- **Supplied data**
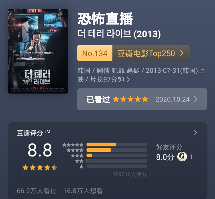 韩国的电影一向都很敢拍,怎么真实怎么来,总是揭露一些韩国的真实现状,以及人性的黑暗面,看过之后每个人都会陷入对人性的思考,比如《恐怖直播》。这部电影总的来说分为两个梯队,一些人在利益面前抛弃了人性,另一些人在生命面前选择讨回自己的公道。 这部电影是个小制作,但是丝毫不影响他的精彩,电影里没有几个外景,桥上的爆炸以及建筑物的爆炸也都是通过特效完成,唯一的主场就是男主角河正宇所在的小小的直播间,但是就在那里给全国人民展示了一场有关人性的博弈。 男主角由河正宇饰演,不得不说,演技一流,没有过多的对手戏,唯一的就是靠他和恐怖分子的对话,但是全程高能,一个人扛起了一部大戏,一个人带动了所有人的情绪。 这部电影的反响很好,在豆瓣上也拿到了8.8的评分,由此可见观众对它的认可。 01 反转魅力,不起眼的听众化身炸桥的撒旦 故事一开始,是看不见男主的脸的,但是可以判断出来他是一个电台主播,慢慢地看到了他的装束,有一点不羁,在室内还带着墨镜,胡子拉碴不修边幅,浑身散发着百无聊赖的气质,和来电的听众回答的也很敷衍,为了强行cue流程还很不礼貌的挂断了他的电话。 第二位听众是个女生,她很激动的表达了对男主的喜爱,说自己一直在电视上看到他的脸,这次终于能听到他的声音,这也让人不禁疑惑,一个电台主播为什么会在电视上露脸。 后面的发展我们才知道,原来男主本来是播新闻的主播,后来被降职到了这做电台主播,所以他才会与这里格格不入。 男主还没和女粉丝聊两句,之前的听众又打电话进来,而且工作人员无法挂断,这也算为这个听众的身份埋下一个小小的伏笔,到后面他威胁男主不听自己的话就炸桥,男主没放在心上反而还激怒他炸桥。 令人意想不到的是本以为是恶作剧,没想到真的把桥炸掉了,男主迅速反应,展示了新闻人应有的素质,一边报警,一边在纸上写下一系列关键字,得到的结论却是独家,那边警察的电话也通了,看到纸上独家两个字,他选择挂断报警的电话,这一次人性和利益的博弈,利益站了上风。 在接到恐怖分子的电话后,他没有选择报警来阻止悲剧的发生,反而想通过恐怖分子获得独家新闻从而回归自己的主播职位。 河正宇换装这一段也很有魅力,从一个糙汉子摇身一变成了帅大叔。 02 利益再次被选择,人性的丑陋暴露无遗 在和恐怖分子取得联系之后,电视台毫无疑问地拿到了独家,但是恐怖分子要求给自己打钱,电视台局长稍作思索就把钱给恐怖分子打了过去,可以很明显的听到恐怖分子很不屑地笑了一声,说“钱过来了”,而局长为了收视率能跟恶魔做交易也看出他的心狠手辣。 拿到了独家新闻,全国都关注着男主和恐怖分子的这场对话,恐怖分子讲述了自己的朋友替国家勤勤恳恳地抹了三十年水泥,却因为仅仅两万五千韩元的加班费落水身亡,本来他们有机会活下来,但是救援队因为迎接外国政要,没有一个人来救援,事后连补偿金和道歉都没有。“自己像狗一样辛苦却只能寒碜地死去”,道出了小人物的悲凉。 即使是天大的冤屈,但是因为身处底层,想要个说法但是也无人倾听。所以他选择炸掉麻浦大桥引起轰动,为的只是获取一个发声的渠道,为和他们一样的底层小人物夺取尊严。 其实他的本意并不是伤害谁,可以看到他虽然炸掉了桥引起了轰动。他也提出了自己的要求,要求总统当着全国观众的面,给他道歉。 看似他炸了桥,想要伤害无辜的群众,但是在和总统谈判之前并没有造成人员伤亡,这个情景和当年朋友落水是一样的,他们虽然被困在桥上,但是只要及时救援,所有人都能获救,这个时候,只要总统及时救援,那么不会造成任何的人员伤亡。 但是后来因为桥慢慢倾斜,局势变得越来越不可控了。在断桥上摇摇欲坠的小汽车里,一个父亲拼尽全力把孩子从车里送出去,而就在他自己马上就要从车里出来的时候,汽车掉了下去,所有的观众看到这一幕都无疑倒吸一口凉气,这也是整个事件第一个牺牲的人。 无疑将剧情推向了一个小高潮,舆论一直在发酵,各个电视台都在转播这件事情,恐怖分子也一再要求总统马上出面道歉,气氛越来越紧张。 这个时候男主心里一定很后悔,为了这个独家将事情弄成了无法挽回的局面,但是他现在已经不能全身而退,因为他身上早已被戴上了炸弹。 重压之下,国家安全厅厅长来到了电台,和恐怖分子对峙,这个厅长也是劣迹斑斑,自己也身受受贿风波,而且恐怖分子对他的底细一清二楚,但是这个厅长一直在激怒他,最后恐怖分子引爆了炸弹,厅长当场身亡,这是第二个牺牲者,将故事又推向了新的高潮。 男主这时想要退出,但是拆弹人员却迟迟不来,又是一个救援不到位的实例。而在这时,电视台局长又出场了,他给男主写了稿子,要求他照着念,稿子的意思是告诉恐怖分子,总统不会来了,然后激怒他把所有的人质都杀害了,这样他的手里没有了筹码,所有的人都会去谴责这个刽子手,也没有人记住总统在这个事件里的不作为,可以说全身而退。 03 毁灭吧,肮脏的一切 局长让男主念稿子为的也只是让收视率突破百分之七十,这样自己能够升职,无疑是在吃人血馒头,为了自己的利益让那么多无辜的人陪葬。而男主看到那么多无辜的人,还是不忍心说出激怒他的话,一直在拖延时间,一直到看到自己的前妻在桥上的时候,他才有点慌了,他那时应该庆幸没有激
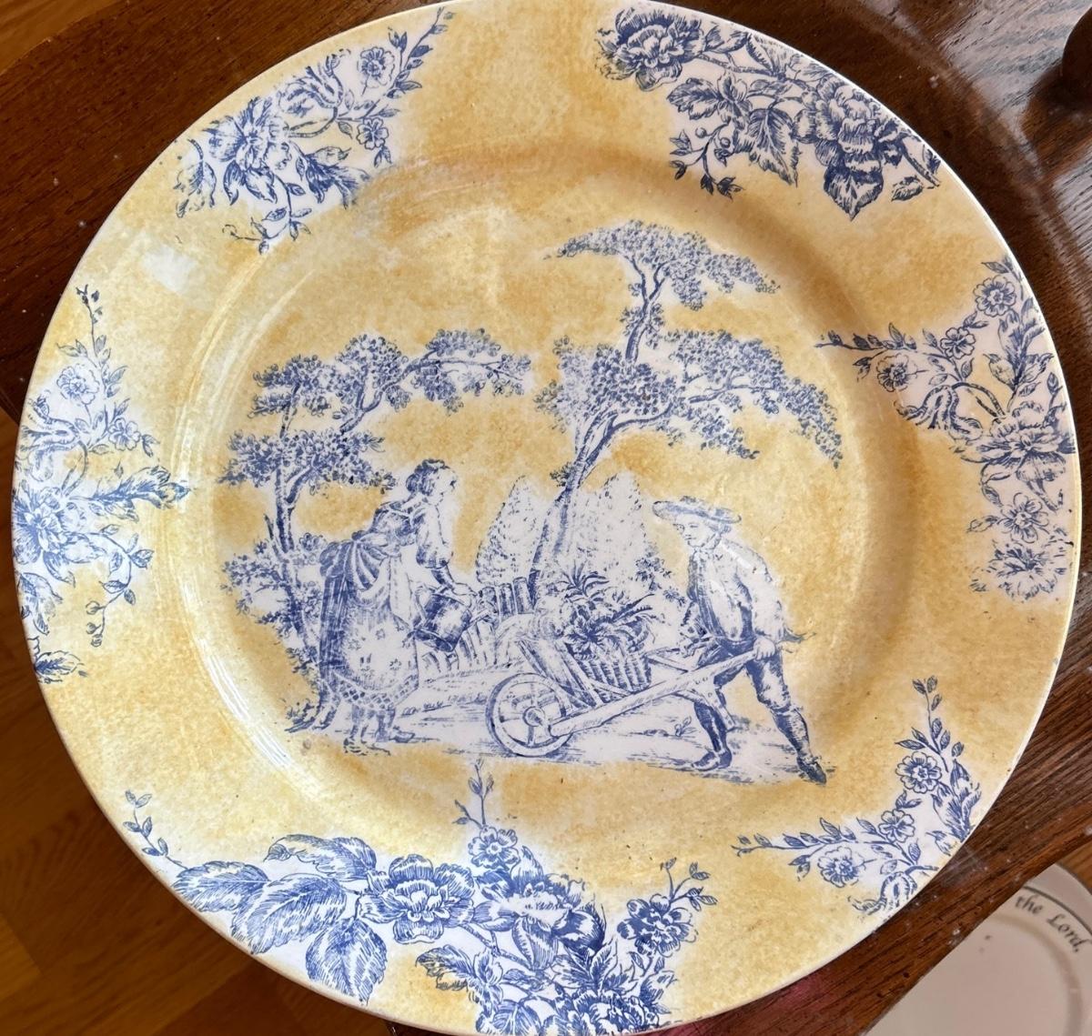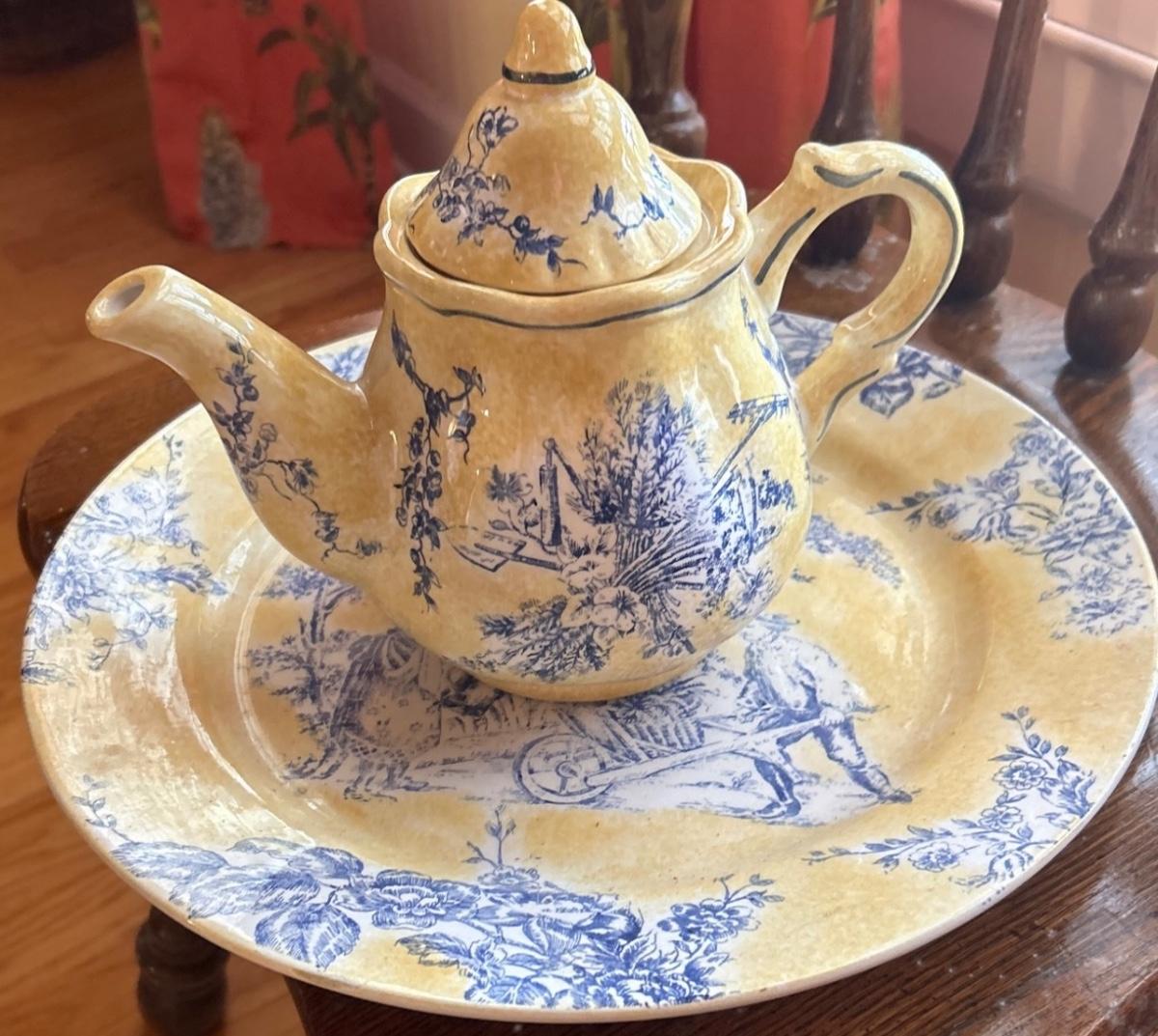 Vintage Maxcera yellow and blue toile French Provincial platter with tea pitcher set
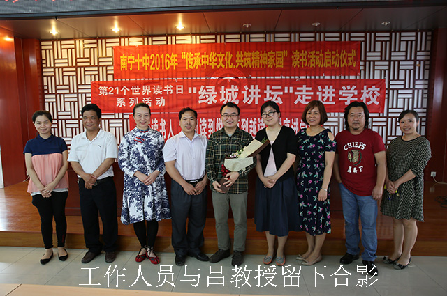 吕教授别开生面的讲座,让同学们意犹未尽。南宁十中副校长李军总结本场活动时用“书读百遍,其义自见”、“读书破万卷,下笔如有神”等名言鼓励学生们多读书,多泡图书馆,利用与十中相邻的南宁市图书馆这个有利条件,以书为友、与书相伴,让阅读成为日常生活必不可少的一部分。南宁十中党委书记陈珉也聆听了讲座。

- **Your instructions**
Exactly the lines from the one with "Vintage Maxcera yellow" through the end of the listing above are to be repeated, with no pictures.

- **Completed exercise**
 Vintage Maxcera yellow and blue toile French Provincial platter with tea pitcher set
 吕教授别开生面的讲座,让同学们意犹未尽。南宁十中副校长李军总结本场活动时用“书读百遍,其义自见”、“读书破万卷,下笔如有神”等名言鼓励学生们多读书,多泡图书馆,利用与十中相邻的南宁市图书馆这个有利条件,以书为友、与书相伴,让阅读成为日常生活必不可少的一部分。南宁十中党委书记陈珉也聆听了讲座。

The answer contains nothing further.